**Information provided:**
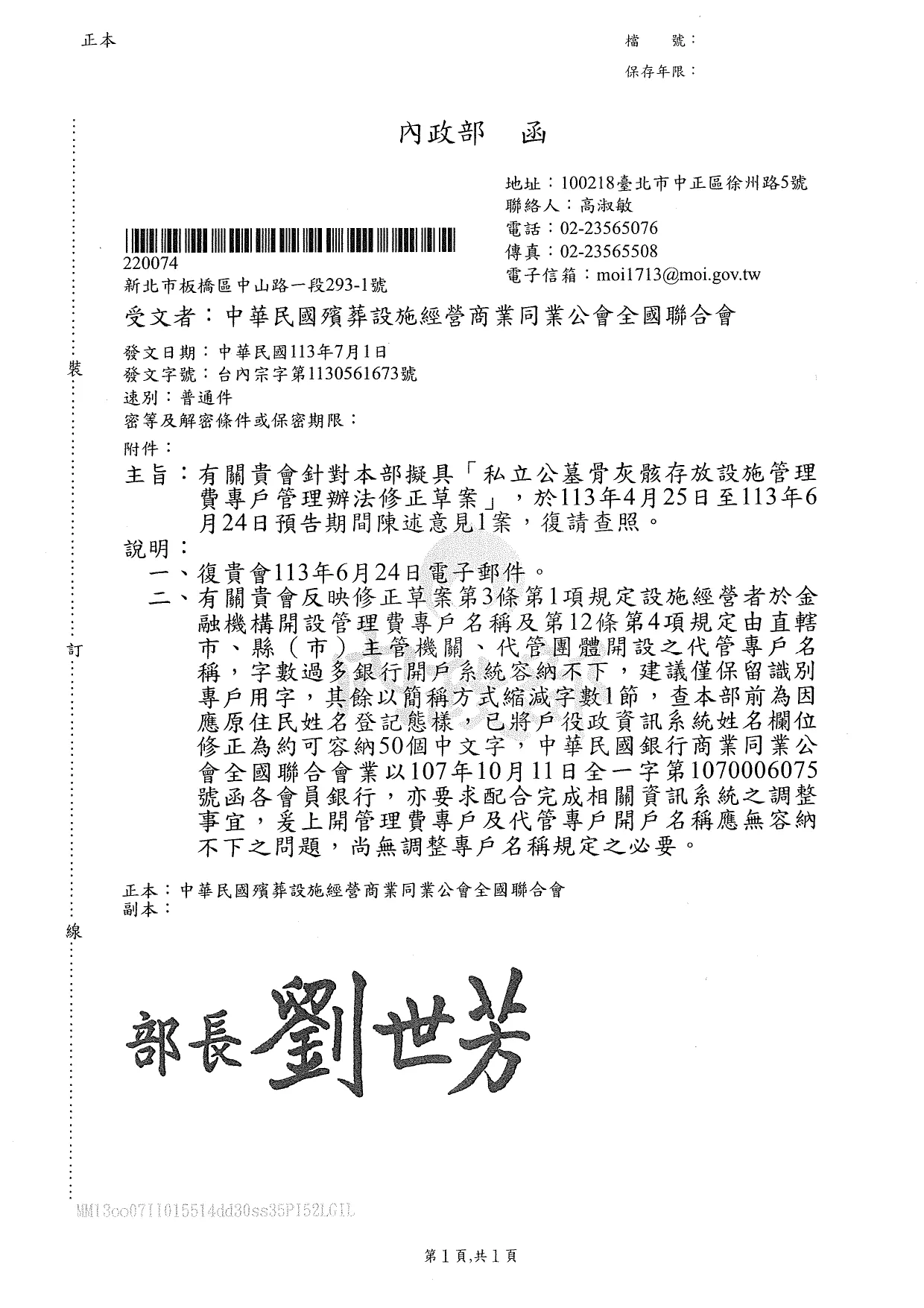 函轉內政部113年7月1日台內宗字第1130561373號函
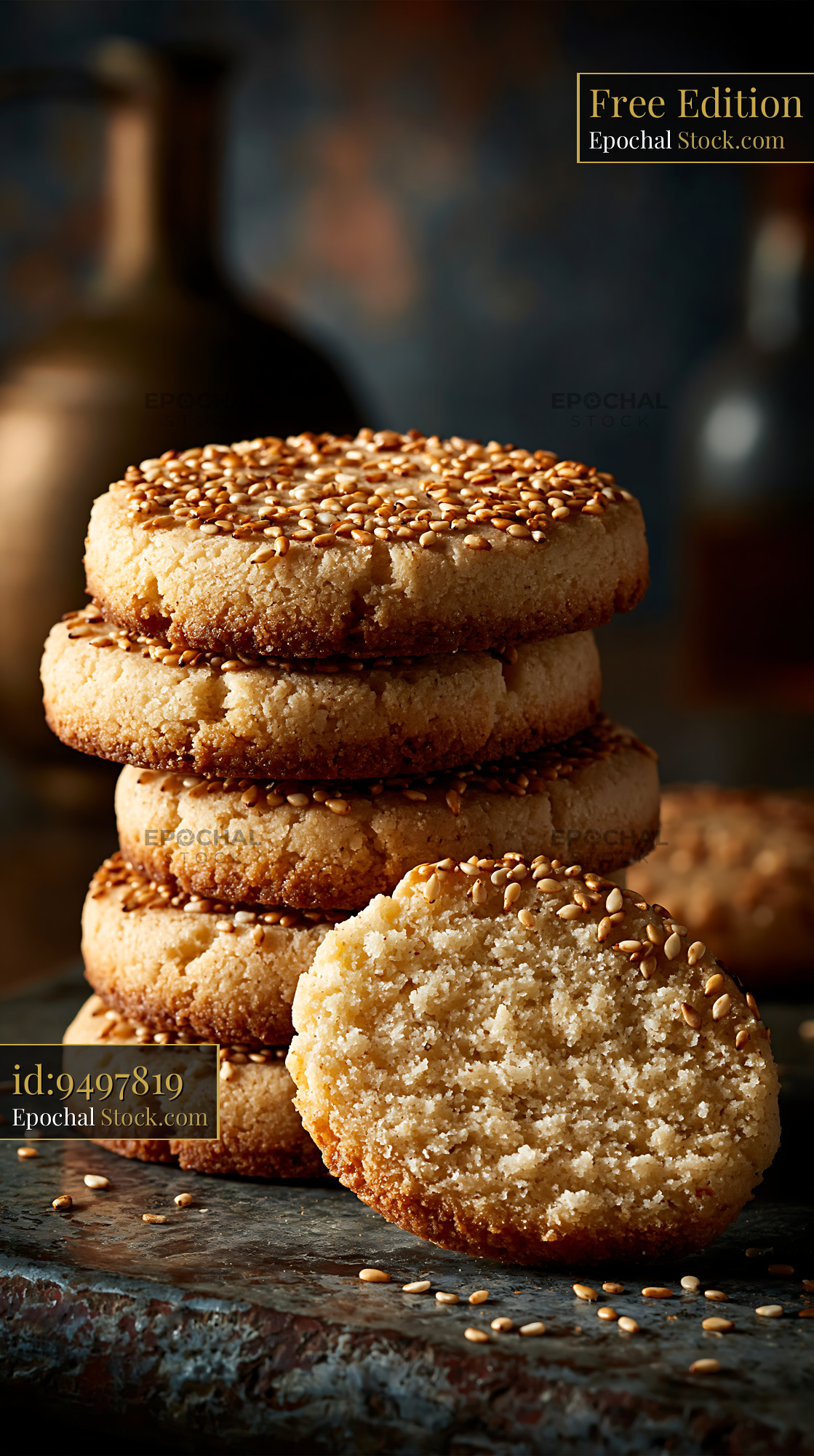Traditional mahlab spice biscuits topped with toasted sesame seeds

==

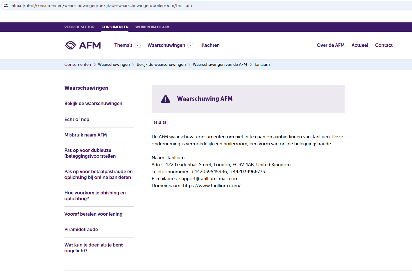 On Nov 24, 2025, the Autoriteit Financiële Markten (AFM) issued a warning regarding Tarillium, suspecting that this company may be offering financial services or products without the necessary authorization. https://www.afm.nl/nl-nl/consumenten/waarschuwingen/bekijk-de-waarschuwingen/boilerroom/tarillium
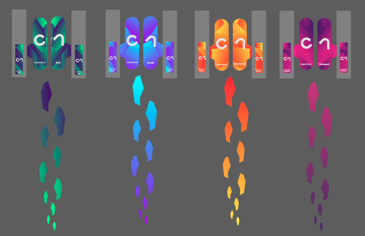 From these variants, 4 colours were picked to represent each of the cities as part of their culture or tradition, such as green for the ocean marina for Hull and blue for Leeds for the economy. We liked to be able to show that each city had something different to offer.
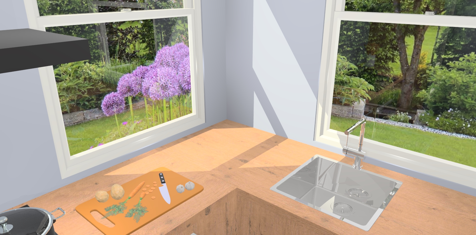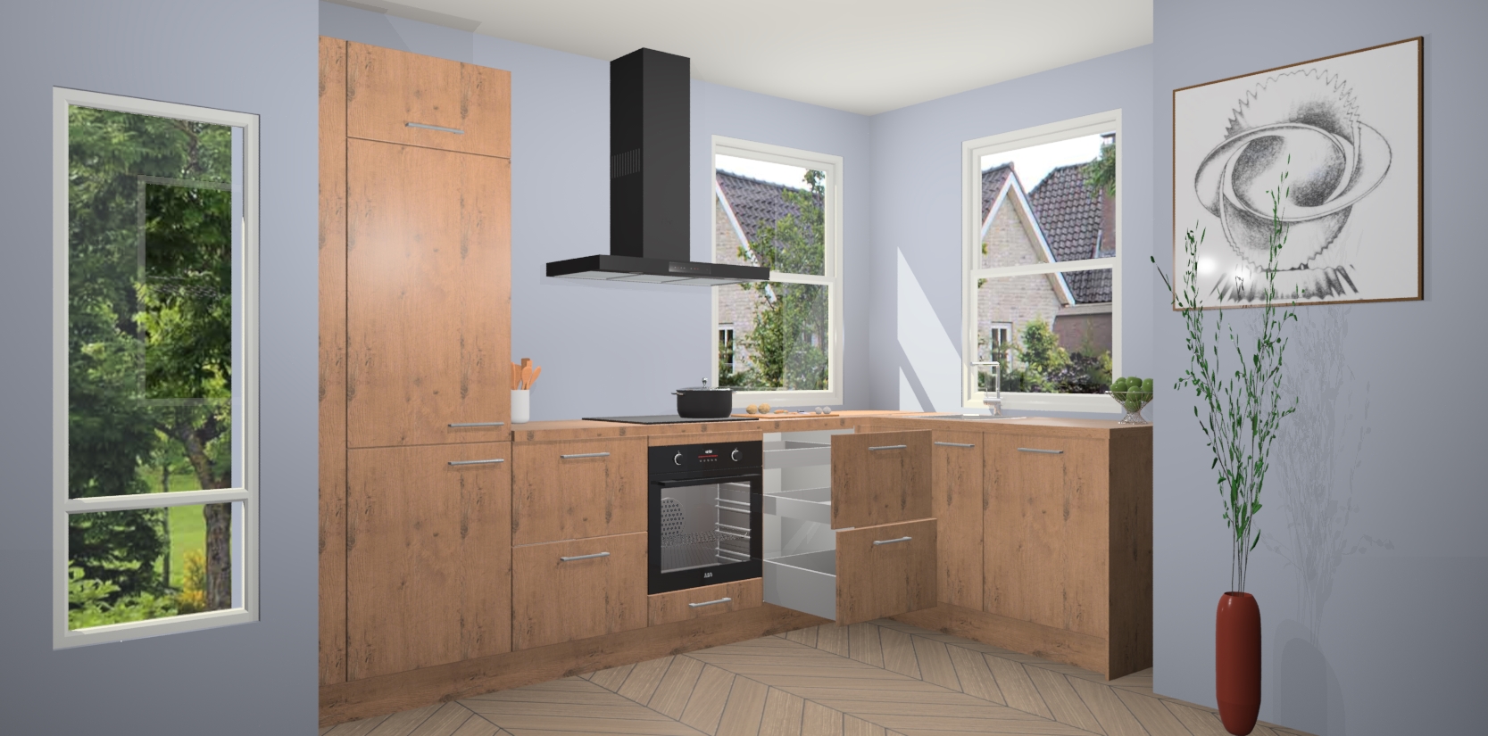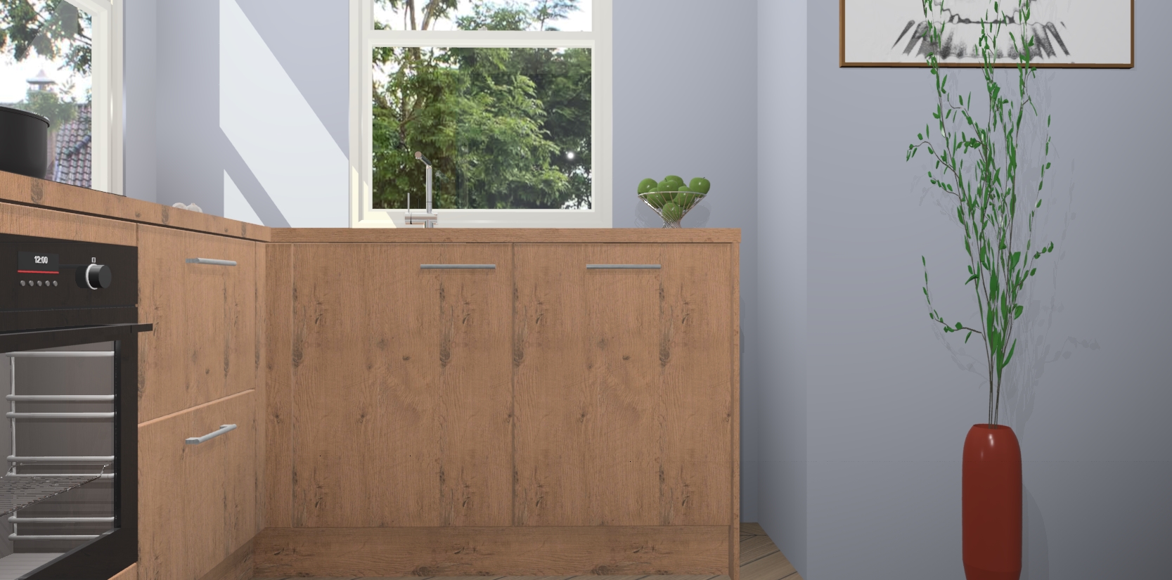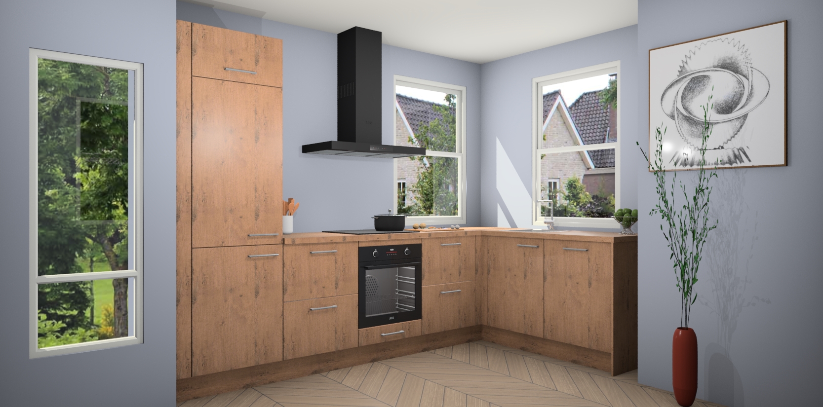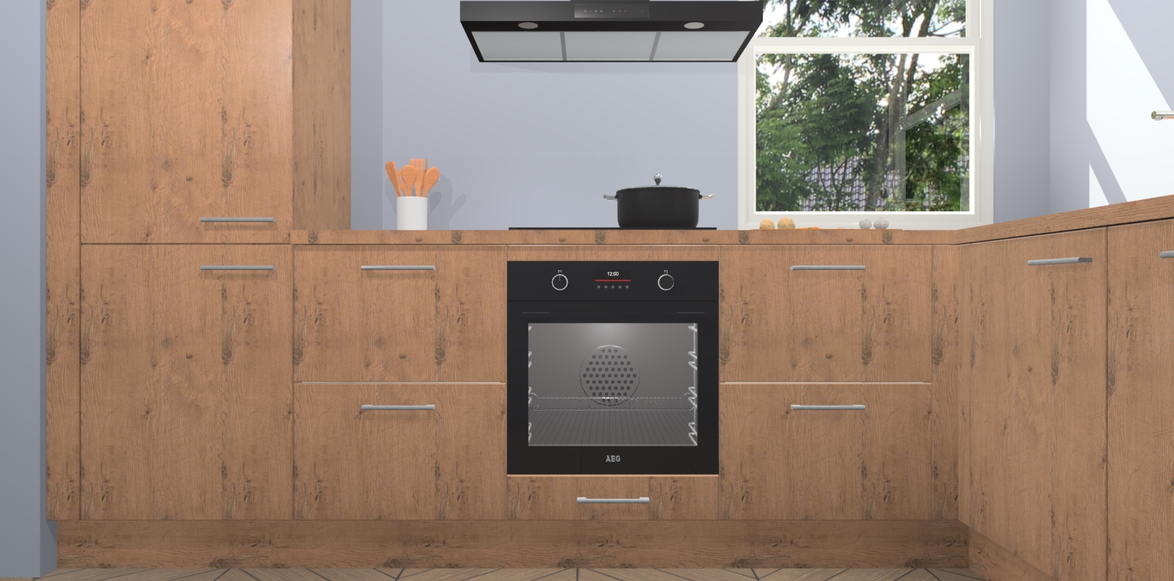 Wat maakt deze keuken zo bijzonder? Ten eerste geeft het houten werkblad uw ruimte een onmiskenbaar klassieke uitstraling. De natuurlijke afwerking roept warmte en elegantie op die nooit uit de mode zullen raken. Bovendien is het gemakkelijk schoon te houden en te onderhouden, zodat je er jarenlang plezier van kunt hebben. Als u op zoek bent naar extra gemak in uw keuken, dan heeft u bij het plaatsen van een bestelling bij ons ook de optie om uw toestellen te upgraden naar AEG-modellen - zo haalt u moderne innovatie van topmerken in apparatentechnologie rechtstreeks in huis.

---

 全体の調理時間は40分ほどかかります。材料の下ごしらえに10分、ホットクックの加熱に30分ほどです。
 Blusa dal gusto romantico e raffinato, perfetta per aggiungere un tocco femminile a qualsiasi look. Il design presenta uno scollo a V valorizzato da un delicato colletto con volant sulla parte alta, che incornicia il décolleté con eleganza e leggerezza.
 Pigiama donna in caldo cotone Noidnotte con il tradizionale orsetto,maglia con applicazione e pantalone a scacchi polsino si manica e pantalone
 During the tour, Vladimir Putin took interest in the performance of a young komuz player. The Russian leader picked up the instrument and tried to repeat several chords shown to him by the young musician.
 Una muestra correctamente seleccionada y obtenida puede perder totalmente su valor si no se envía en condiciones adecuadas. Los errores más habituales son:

**Directions for this task:** Transcribe only this stretch of the data: the line with "函轉內政部113年7月1日台內宗字第1130561373號函", the line with "Traditional mahlab spice", and every line in between. Leave out the pictures.

**Task result:**
 函轉內政部113年7月1日台內宗字第1130561373號函
Traditional mahlab spice biscuits topped with toasted sesame seeds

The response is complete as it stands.